On the drive up to Seattle a few weeks ago, Cindy and Sarah Dopp and I were playing with ChaCha and wondering how they make money. Around here we all go “What’s your business model” right away… and then snicker.
So I think I might just have figured it out. Do it for free for a bit with your VC money and show how it works. Then, sell “Enterprise ChaCha” or something like it, to a big institution. (I was looking at Indiana University‘s page about it.) You’d sell the structure and the setup, and the institution creates its own number (and password or validation system) and pools its own experts. So, sell it to Exxon or something for its corporate librarians and geologists. Or to the military, obviously. Here is the military’s answer to its perpetual search for AI. “Human assisted search”.
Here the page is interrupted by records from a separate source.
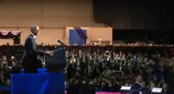 In a break with recent tradition, President Obama did not deliver his farewell address at the White House.[10] Instead, he gave the speech at the McCormick Place convention center in his home city of Chicago, less than four miles from Grant Park, where he delivered his 2008 election victory speech.[11] McCormick Place was also the same venue where Obama delivered his 2012 reelection victory speech.[12] The event was open to the public, with free tickets being distributed on a first-come, first-served basis on January 7.[2]
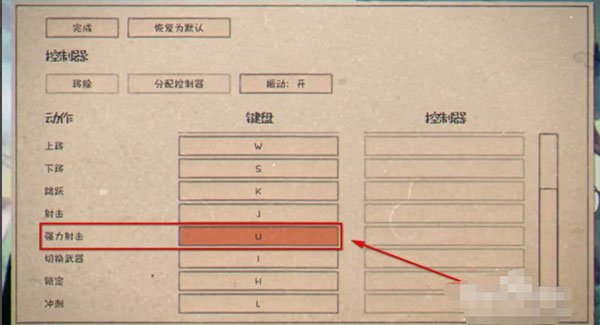 2、在设置里将强力射击调到自己习惯的键位;
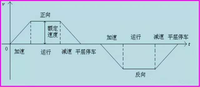 3. 选层电路 选层意味着要减速(换速)准备平层停车。电梯的选层分指令选层和召唤选层,即因某层有召唤或有该层的指令使电梯在该层是否停车。其中指令选层是绝对的,若电梯运行正常,指令一定能使电梯在该层减速停车。 召唤选层是有条件的,一是召唤选层必须满足同向,即与电梯的运行方向一致,这就是所谓的“顺向截车”;二是直驶时可将召唤屏蔽,即电梯直驶时,即使同向的召唤也不能使电梯减速停车。 4. 电梯的运行线路 运行线路是电梯控制系统的核心。电梯是由曳引电动机拖动(主回路),主回路的工作受运行线路的控制,以形成如图所示的速度曲线,决定电梯何时启动加速,何时运行,何时减速,何时平层停车。所以电梯的主要性能指标(额定速度、舒适感、平层精度等)由运行线路决定。
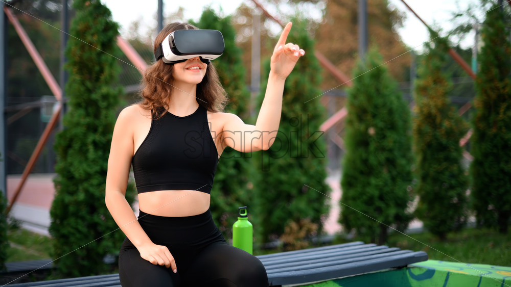 Home » Shop » photo » Smiling woman using VR headset in a tracksuit while sitting on a bench on a sports field in a park

Anyway, this could also work for disaster relief, because it’s ideal for situations that change very rapidly. I was looking at Jon’s empty wiki and thinking, well aside from all the problems with the whole idea of that, which I won’t go into, might a Twitter feed be better? I thought of myself on the 2nd floor of the Astrodome after Katrina, gathering and putting out information that was extremely up to date, and how quickly things changed on the ground. Would I want a wiki for it? (I tried. It is hopeless without a core of people already trained to use one and to work together with one.) Maybe I wouldn’t want one. Maybe a feed would be better. Page back through the “2nd floor astrodome” Twitter feed and see what’s up. Combine many different channels of all the people at various stations in the Astrodome and you’d know who says what is true, right in the moment.
But even better — a private setup for a ChaCha-like thing. You get 100 people together to monitor and answer questions and you would have an instant backup, fit for the general of an army. Or fit for a reporter on the ground in a rough situation. I think of how I combed google news all day long for the Back to Iraq guy back in like 2003 and emailed him updates on whatever was going on or being bombed in the area near him. How much better, if he could have called a phone number like ChaCha’s, and tapped into a network of people like me. Someone would have texted him back the information he wanted within minutes. And if there were sort of a combination of Ning and ChaCha, you’d be able to set up your own information broker network and invite people to join it.
The Red Cross should be using this (okay, maybe in 20 years if they can get it together that fast). But, I offer the idea up to whatever nonprofits or disaster relief workers can use it.